Durch Hilfsmittel, Umbauten oder Umstellungen von Prozessen können heute viele Schlaganfall- Betroffene an ihren Arbeitsplatz zurückkehren. Schwieriger wird es, wenn sie unter neuropsychologischen Folgen leiden. Nach außen hin wirken sie fit und leistungsfähig, doch dass sie im Innern den Anforderungen ihres Arbeitsplatzes nicht gewachsen sind, ist für Kollegen und Vorgesetzte nicht erkennbar.
Der ganze Mensch im Fokus
„Assessment-Center“ nennt man Test- und Auswahlverfahren bei der Personalgewinnung. Im Berufsförderungswerk (BFW) Hamburg können speziell Menschen mit neurologischen Erkrankungen wie einem Schlaganfall von einem solchen Verfahren profitieren. „Um diesen oftmals komplexen Krankheitsbildern in angemessener Weise gerecht zu werden, haben wir basierend auf unseren bisherigen Assessment-Erfahrungen das RehaAssessment Neuro entwickelt“, sagt Benjamin Rehn, Ansprechpartner für das Programm.
Ein multiprofessionelles Team aus den Bereichen Medizin, Sport, Ergotherapie und Psychologie arbeitet bei dieser Maßnahme drei Monate lang mit den Rehabilitanden. Wer nicht aus der Region Hamburg kommt, hat die Möglichkeit, im angeschlossenen Internat zu wohnen. „Unser Ziel ist, den Menschen als Ganzes zu betrachten“, sagt Benjamin Rehn. „Natürlich spielen die neuropsychologischen Beeinträchtigungen eine wichtige Rolle, aber genauso betrachten wir die Biografie, das persönliche Umfeld und die sozialen Fähigkeiten bei der Frage, wie es weitergehen kann.“
Nachfrage ungebrochen groß
Nach drei intensiven Monaten entsteht ein konkretes Bild von Stärken und Schwächen der Rehabilitanden.

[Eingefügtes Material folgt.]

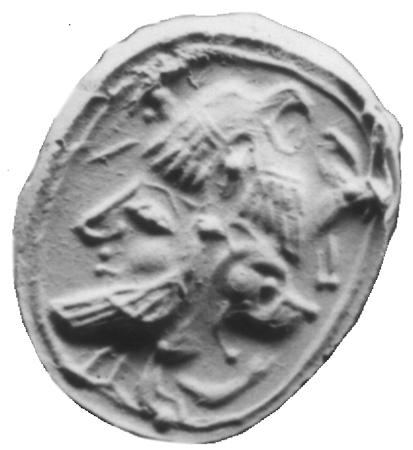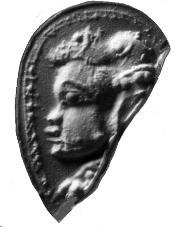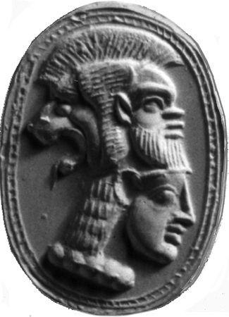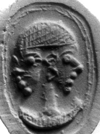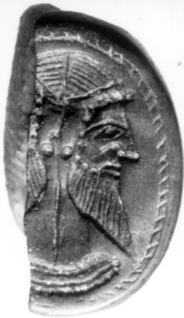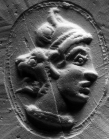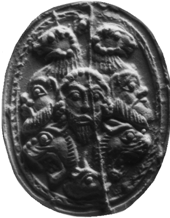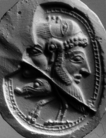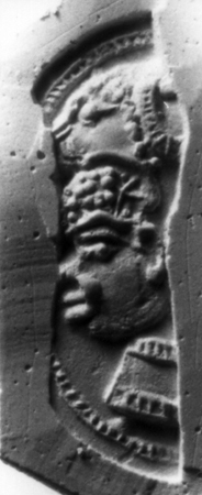 37/28 London, no. 321, pl. 6, from north of Tell Defenneh (Egypt). Zazoff, pl. 22.6. Fragment. BH. Bearded head with lion head helmet; below, a hatched area with hooks - watery? I

Gemeinsam werden nächste Schritte für eine langfristige berufliche Wiedereingliederung überlegt. Diese Empfehlung geht dann an den zuständigen Leistungsträger, bei jüngeren Schlaganfall- Betroffenen oft die Rentenversicherung. Eine Maßnahme kann zum Beispiel die Fortbildung oder Umschulung in einem BFW sein. In Deutschland gibt es 28 solcher Berufsförderungswerke mit nahezu 100 Standorten, über 250 Qualifizierungsangeboten und rund 12.000 Ausbildungsplätzen.
Zurzeit durchlaufen 25 bis 30 Betroffene pro Jahr das Hamburger Neuro- Assessment. Da die Nachfrage ungebrochen groß ist, prüft das BFW gerade eine Ausweitung der Kapazitäten. Benjamin Rehn rät Interessenten, nicht direkt nach der medizinischen Reha mit dem Verfahren zu starten, „sondern die entsprechenden Nachsorge-Angebote vollständig auszuschöpfen.“ Gerade bei neurologischen Erkrankungen stellten sich oft noch Verbesserungen ein, und „idealerweise erstellen wir unser Leistungsbild am Ende eines solchen Prozesses“.